The administration has also set aside up to $350 million for a special Race to the Top assessment competition. That competition will support state-led consortia to build a new generation of better assessments—to test not just basic skills on bubble tests, but the higher-order skills that students need to survive and thrive in the 21st century. This has never been done before. And these assessments must give us objective, real-time data on student progress—not just end-of-year results.

Finally, our blueprint to reauthorize ESEA supports family engagement in a host of ways. We support programs that actually ask families how they feel about their child's school and educational experience—giving parents a real voice and opportunity to engage. We must do a much better job of listening to our children and to their parents. Their honest feedback will absolutely drive improvement.

The blueprint enhances information and transparency in school report cards about academic performance and school climate for parents. And it empowers families with additional high-quality school options.

As the PTA smartly recommended, our proposal allows family engagement to be included as one measure of success in teacher and principal evaluations. And we want to define professional development of teachers and school leaders to include working with families. These were great suggestions we got from you that were incorporated into our blueprint.

Finally, we're putting even more resources into family involvement because we need to do more--and do it better. Based on feedback we received about the blueprint, we have proposed to double funding for parent engagement-- from one to two percent of Title I dollars--or a total of $270 million.

At the same time, to drive innovation, we will allow states to use an additional one percent of Title I dollars—about $145 million—to support, incentivize, and help expand district-level programs that promote family engagement, empowerment, and responsibility.

We want districts to think big about family engagement--to propose new strategies and hone in on best practices that raise student achievement. And for programs and strategies that work, our proposal will allow states to support and disseminate best practices. We must take those best practices to scale.

Parent Information and Resource Centers, who are here today, can compete for these funds, along with districts, community-based organizations, and other non-profits. I commend the PTA's model partnerships with PIRCs. Those partnerships aim to leverage resources and the capacity to scale up research-based family engagement practices that improve outcomes for children.

The PTA-PIRC collaboration can help show both how to align PIRC and PTA family engagement work with emerging federal initiatives, and flesh out innovative ways to implement promising practices.

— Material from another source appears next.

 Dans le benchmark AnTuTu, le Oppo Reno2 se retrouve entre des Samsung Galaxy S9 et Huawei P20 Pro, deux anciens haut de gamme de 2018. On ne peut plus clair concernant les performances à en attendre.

We don't have all the answers yet about how states, districts, and schools can effectively support family engagement. But with your courage, your commitment, and your capacity to support better family engagement, I believe we can make educational breakthroughs again, just like those the PTA helped achieve in the past.

The need today is urgent, the opportunity is great. So, together, let us ready the nation's students to flourish in the 21st century. We owe our children and our country the very best.